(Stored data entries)
—————

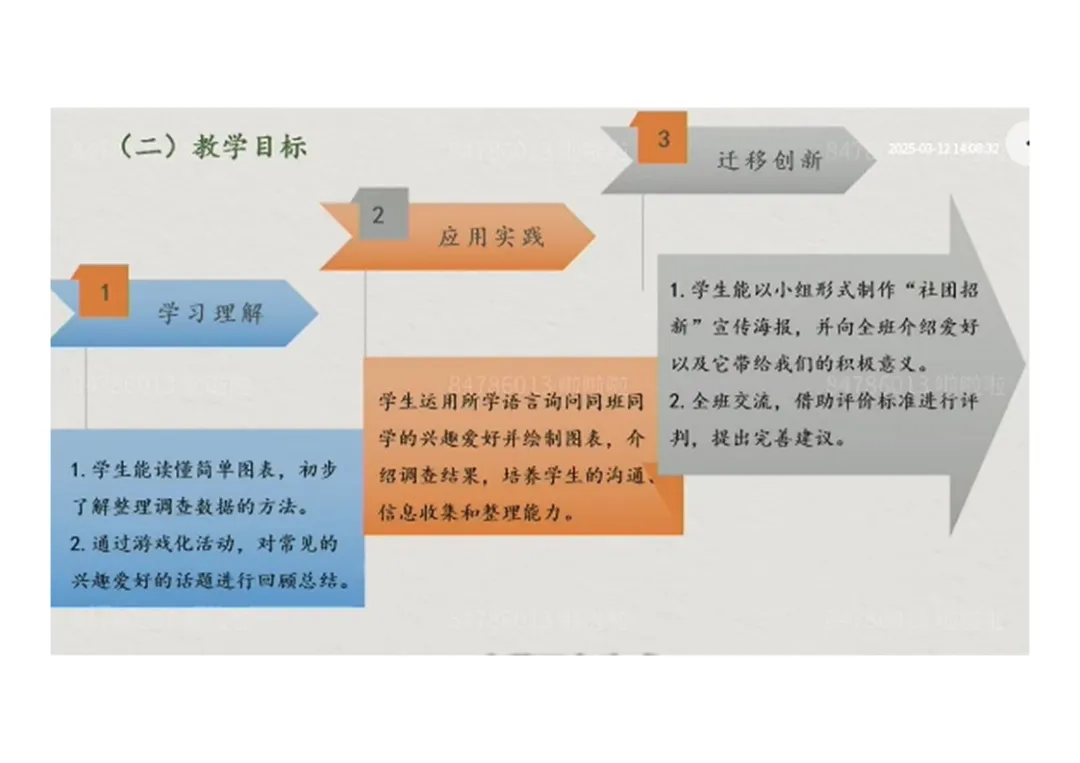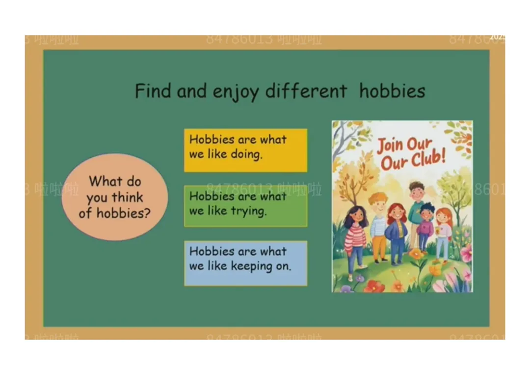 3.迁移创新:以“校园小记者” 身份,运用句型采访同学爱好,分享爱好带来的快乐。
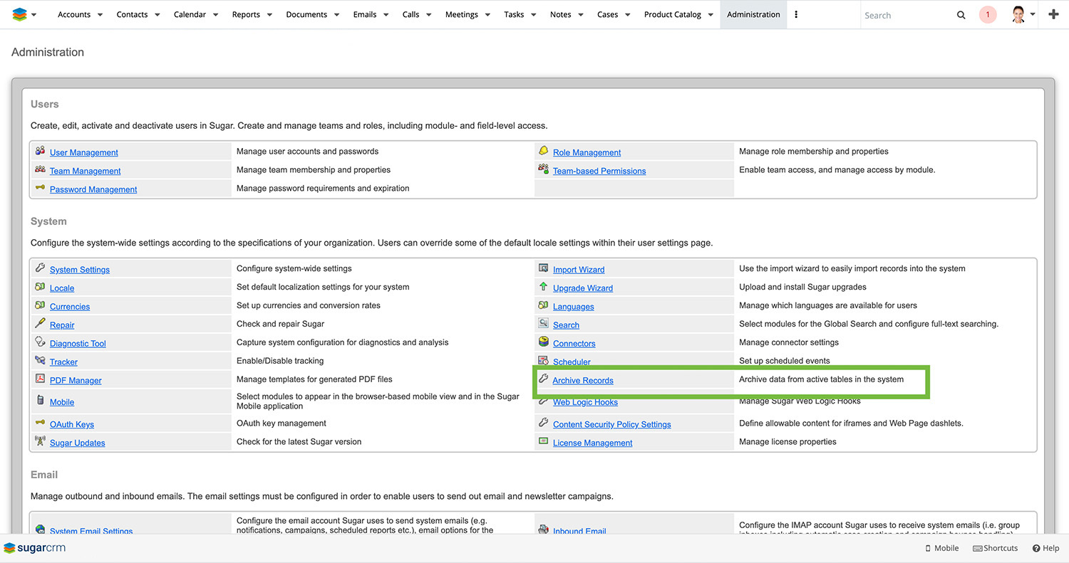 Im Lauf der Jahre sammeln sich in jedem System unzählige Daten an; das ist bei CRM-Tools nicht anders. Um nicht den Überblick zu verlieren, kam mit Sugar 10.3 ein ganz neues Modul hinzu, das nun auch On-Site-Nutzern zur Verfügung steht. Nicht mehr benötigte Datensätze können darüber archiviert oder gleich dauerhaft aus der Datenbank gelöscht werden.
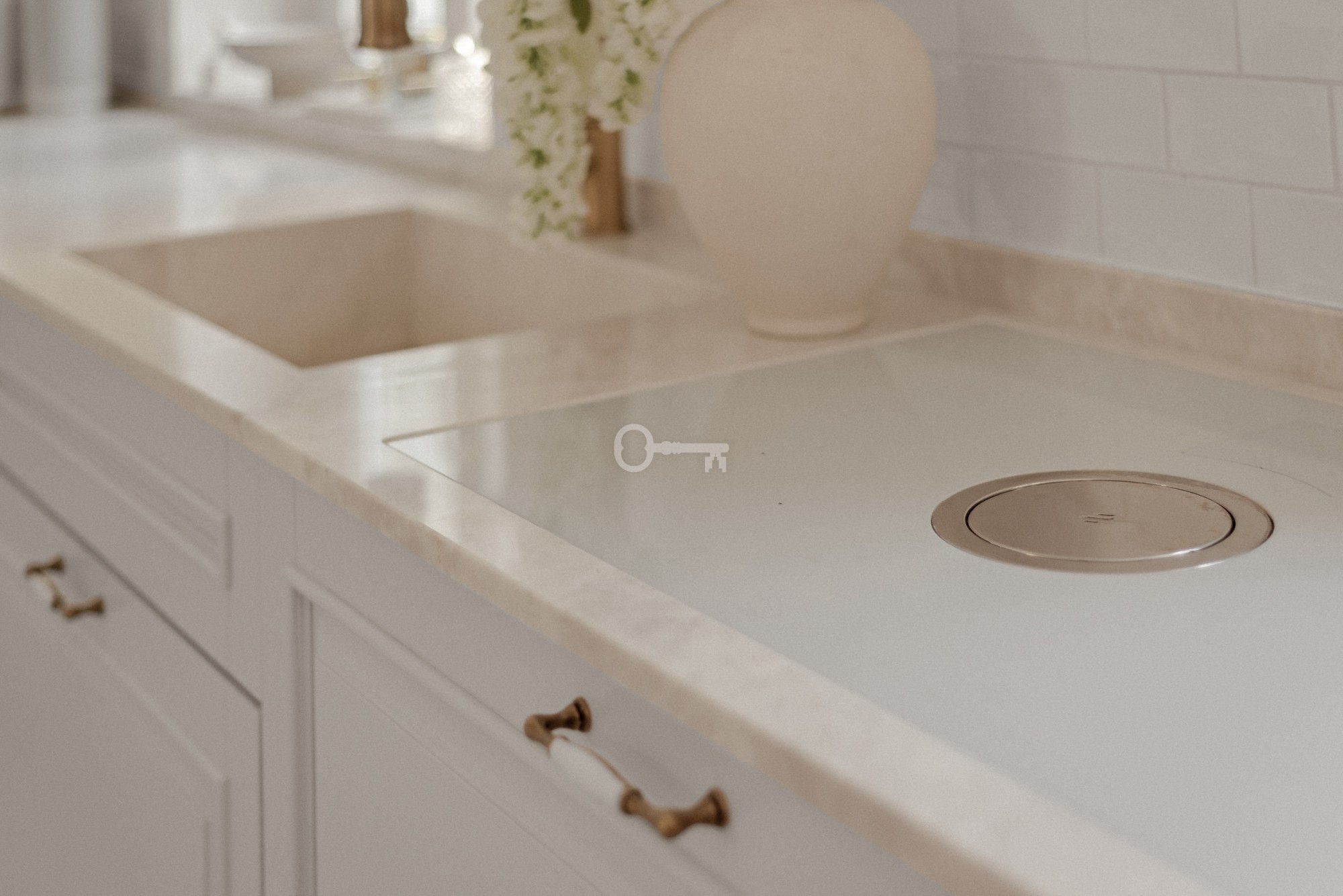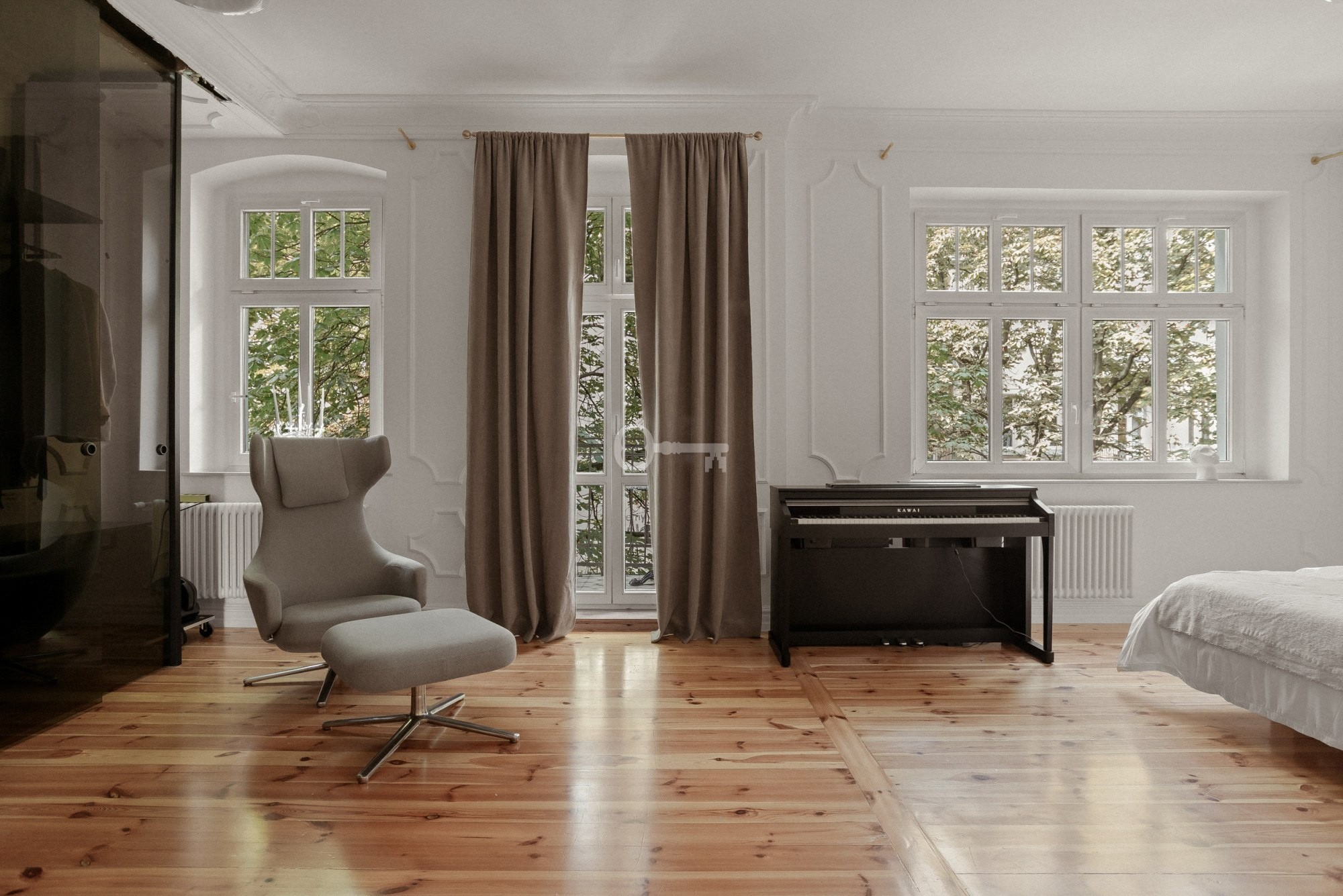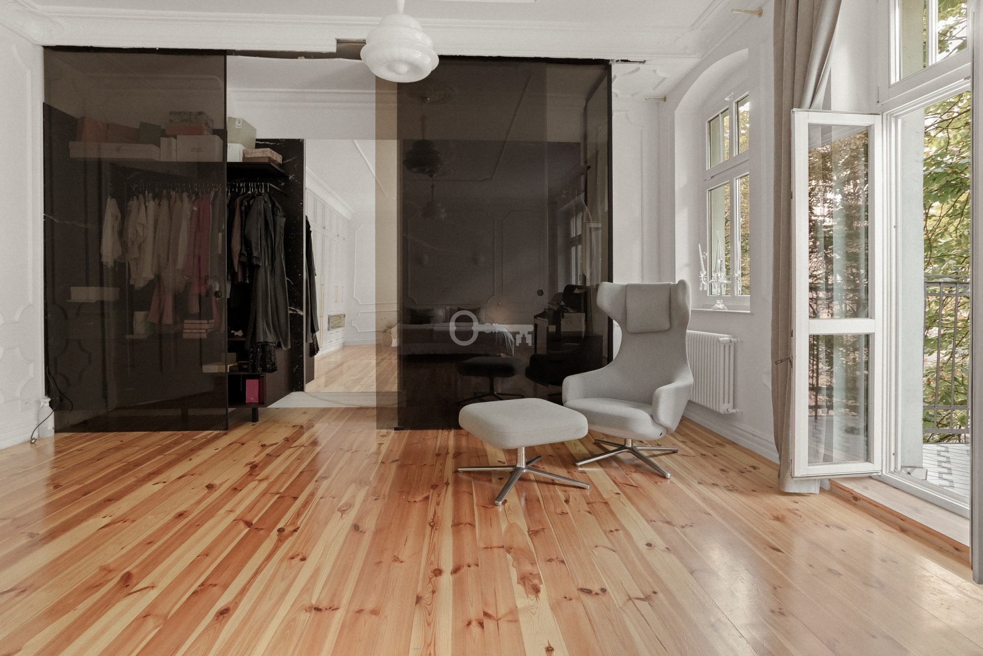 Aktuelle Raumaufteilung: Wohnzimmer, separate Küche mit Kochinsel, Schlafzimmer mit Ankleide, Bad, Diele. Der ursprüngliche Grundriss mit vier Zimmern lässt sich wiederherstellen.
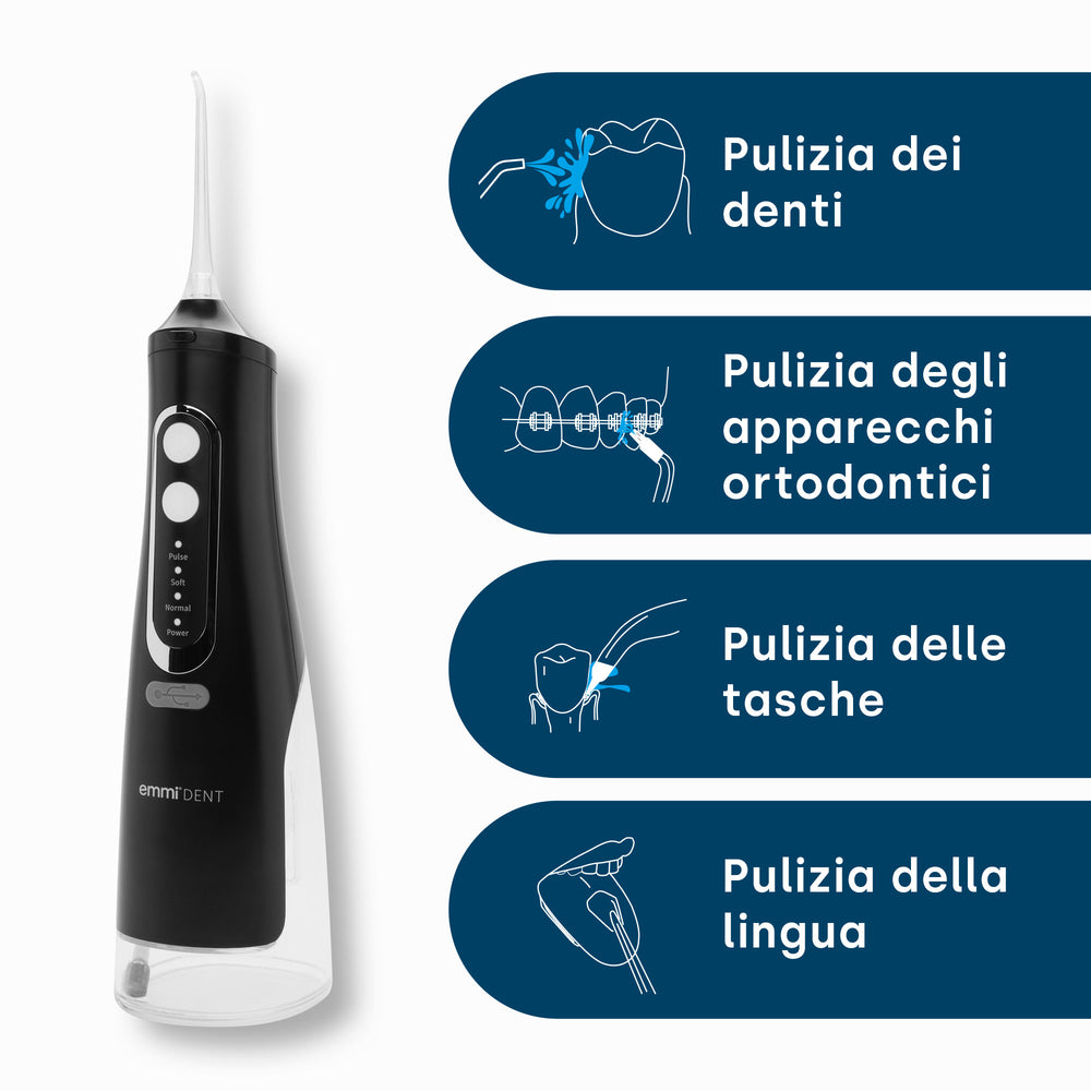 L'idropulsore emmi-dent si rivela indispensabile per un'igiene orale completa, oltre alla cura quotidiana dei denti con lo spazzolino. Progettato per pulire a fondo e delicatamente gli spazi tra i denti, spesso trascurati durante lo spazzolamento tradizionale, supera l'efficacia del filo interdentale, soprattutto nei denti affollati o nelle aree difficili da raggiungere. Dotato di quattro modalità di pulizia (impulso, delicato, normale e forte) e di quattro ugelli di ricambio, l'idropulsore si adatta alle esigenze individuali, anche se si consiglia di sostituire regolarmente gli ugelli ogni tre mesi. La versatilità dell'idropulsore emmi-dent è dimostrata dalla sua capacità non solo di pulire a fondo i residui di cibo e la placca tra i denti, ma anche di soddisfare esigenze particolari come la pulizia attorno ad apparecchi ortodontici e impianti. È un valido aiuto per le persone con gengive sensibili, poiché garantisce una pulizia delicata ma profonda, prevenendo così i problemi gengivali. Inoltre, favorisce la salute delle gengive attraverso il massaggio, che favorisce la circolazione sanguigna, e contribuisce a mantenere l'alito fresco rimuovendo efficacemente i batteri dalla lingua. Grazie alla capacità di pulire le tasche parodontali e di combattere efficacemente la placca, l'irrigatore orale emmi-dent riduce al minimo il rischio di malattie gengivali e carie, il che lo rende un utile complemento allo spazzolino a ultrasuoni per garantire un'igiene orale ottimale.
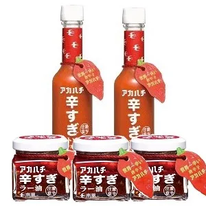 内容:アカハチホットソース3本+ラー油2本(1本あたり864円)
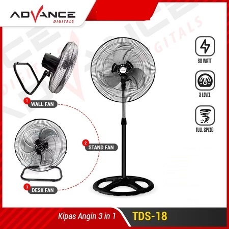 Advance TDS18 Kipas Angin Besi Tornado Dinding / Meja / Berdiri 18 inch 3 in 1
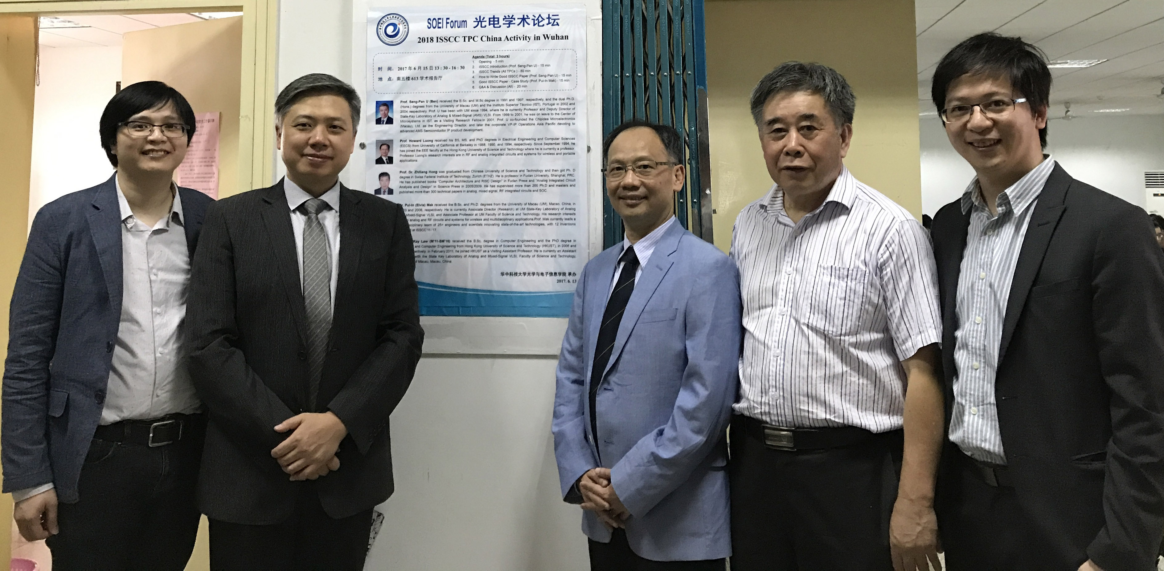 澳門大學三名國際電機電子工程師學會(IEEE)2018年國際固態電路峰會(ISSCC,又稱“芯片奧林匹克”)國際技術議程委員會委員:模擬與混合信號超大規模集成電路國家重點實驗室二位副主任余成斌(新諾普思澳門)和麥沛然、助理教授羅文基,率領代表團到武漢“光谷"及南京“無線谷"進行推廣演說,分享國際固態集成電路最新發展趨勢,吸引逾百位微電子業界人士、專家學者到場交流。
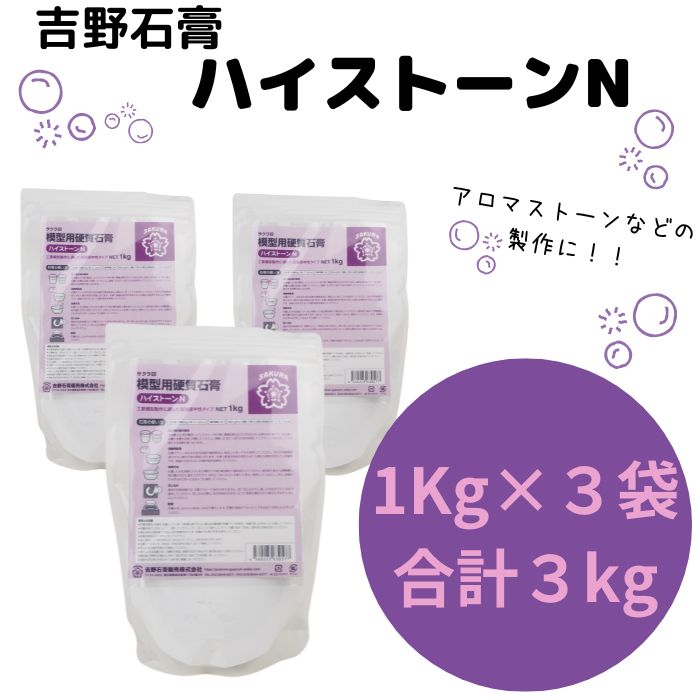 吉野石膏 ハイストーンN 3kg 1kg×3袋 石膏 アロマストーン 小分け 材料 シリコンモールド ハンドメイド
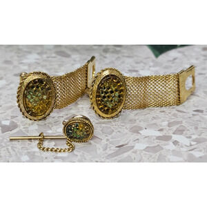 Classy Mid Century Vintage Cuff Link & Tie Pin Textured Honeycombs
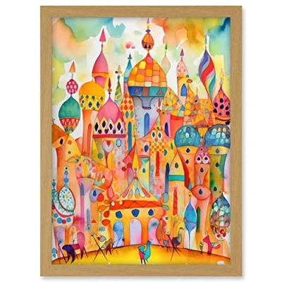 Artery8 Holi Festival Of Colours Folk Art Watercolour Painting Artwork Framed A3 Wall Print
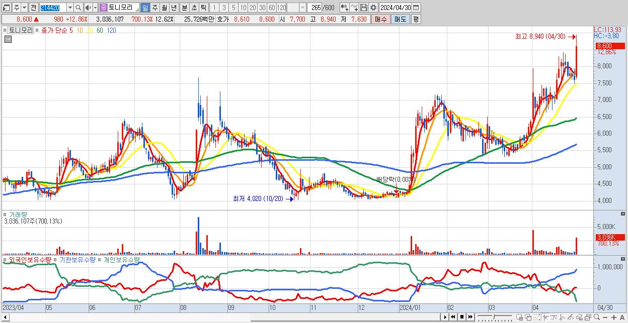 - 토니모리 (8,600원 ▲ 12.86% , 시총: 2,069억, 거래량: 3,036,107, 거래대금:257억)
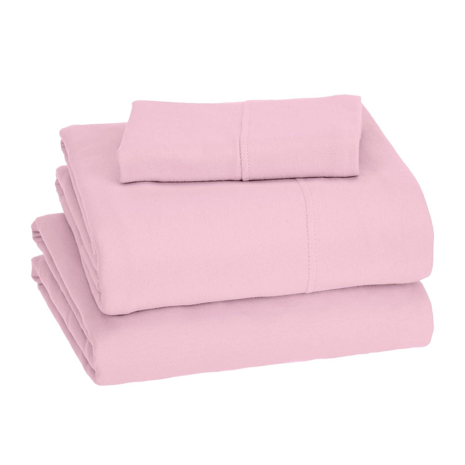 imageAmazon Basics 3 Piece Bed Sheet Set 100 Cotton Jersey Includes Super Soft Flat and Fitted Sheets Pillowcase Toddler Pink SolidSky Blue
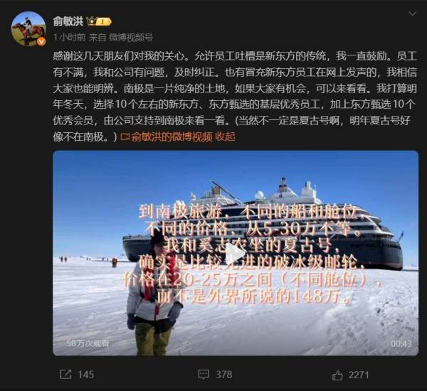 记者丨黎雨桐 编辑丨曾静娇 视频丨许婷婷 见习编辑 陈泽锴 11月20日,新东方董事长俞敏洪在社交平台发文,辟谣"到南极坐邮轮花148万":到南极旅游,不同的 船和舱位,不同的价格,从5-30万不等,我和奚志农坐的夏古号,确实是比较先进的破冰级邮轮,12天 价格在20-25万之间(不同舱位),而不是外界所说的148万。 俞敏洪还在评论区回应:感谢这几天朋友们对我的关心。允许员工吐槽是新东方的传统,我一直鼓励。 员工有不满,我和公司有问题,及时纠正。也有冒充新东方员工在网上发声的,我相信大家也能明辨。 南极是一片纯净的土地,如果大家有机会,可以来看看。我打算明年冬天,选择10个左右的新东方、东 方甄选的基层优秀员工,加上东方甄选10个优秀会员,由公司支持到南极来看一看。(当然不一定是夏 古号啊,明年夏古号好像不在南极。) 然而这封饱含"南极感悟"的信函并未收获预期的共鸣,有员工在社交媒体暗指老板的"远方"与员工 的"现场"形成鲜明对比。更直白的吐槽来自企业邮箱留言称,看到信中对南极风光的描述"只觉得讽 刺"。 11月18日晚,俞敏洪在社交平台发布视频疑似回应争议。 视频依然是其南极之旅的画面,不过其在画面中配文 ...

—————

WHAT YOU WILL DO:
From the line containing "Advance TDS18 Kipas" down to the last line of the entries above, retype each line exactly as it stands, but skip the pictures.

ANSWER BELOW:
 Advance TDS18 Kipas Angin Besi Tornado Dinding / Meja / Berdiri 18 inch 3 in 1
 澳門大學三名國際電機電子工程師學會(IEEE)2018年國際固態電路峰會(ISSCC,又稱“芯片奧林匹克”)國際技術議程委員會委員:模擬與混合信號超大規模集成電路國家重點實驗室二位副主任余成斌(新諾普思澳門)和麥沛然、助理教授羅文基,率領代表團到武漢“光谷"及南京“無線谷"進行推廣演說,分享國際固態集成電路最新發展趨勢,吸引逾百位微電子業界人士、專家學者到場交流。
 吉野石膏 ハイストーンN 3kg 1kg×3袋 石膏 アロマストーン 小分け 材料 シリコンモールド ハンドメイド
 Classy Mid Century Vintage Cuff Link & Tie Pin Textured Honeycombs
 Artery8 Holi Festival Of Colours Folk Art Watercolour Painting Artwork Framed A3 Wall Print
 - 토니모리 (8,600원 ▲ 12.86% , 시총: 2,069억, 거래량: 3,036,107, 거래대금:257억)
 imageAmazon Basics 3 Piece Bed Sheet Set 100 Cotton Jersey Includes Super Soft Flat and Fitted Sheets Pillowcase Toddler Pink SolidSky Blue
 记者丨黎雨桐 编辑丨曾静娇 视频丨许婷婷 见习编辑 陈泽锴 11月20日,新东方董事长俞敏洪在社交平台发文,辟谣"到南极坐邮轮花148万":到南极旅游,不同的 船和舱位,不同的价格,从5-30万不等,我和奚志农坐的夏古号,确实是比较先进的破冰级邮轮,12天 价格在20-25万之间(不同舱位),而不是外界所说的148万。 俞敏洪还在评论区回应:感谢这几天朋友们对我的关心。允许员工吐槽是新东方的传统,我一直鼓励。 员工有不满,我和公司有问题,及时纠正。也有冒充新东方员工在网上发声的,我相信大家也能明辨。 南极是一片纯净的土地,如果大家有机会,可以来看看。我打算明年冬天,选择10个左右的新东方、东 方甄选的基层优秀员工,加上东方甄选10个优秀会员,由公司支持到南极来看一看。(当然不一定是夏 古号啊,明年夏古号好像不在南极。) 然而这封饱含"南极感悟"的信函并未收获预期的共鸣,有员工在社交媒体暗指老板的"远方"与员工 的"现场"形成鲜明对比。更直白的吐槽来自企业邮箱留言称,看到信中对南极风光的描述"只觉得讽 刺"。 11月18日晚,俞敏洪在社交平台发布视频疑似回应争议。 视频依然是其南极之旅的画面,不过其在画面中配文 ...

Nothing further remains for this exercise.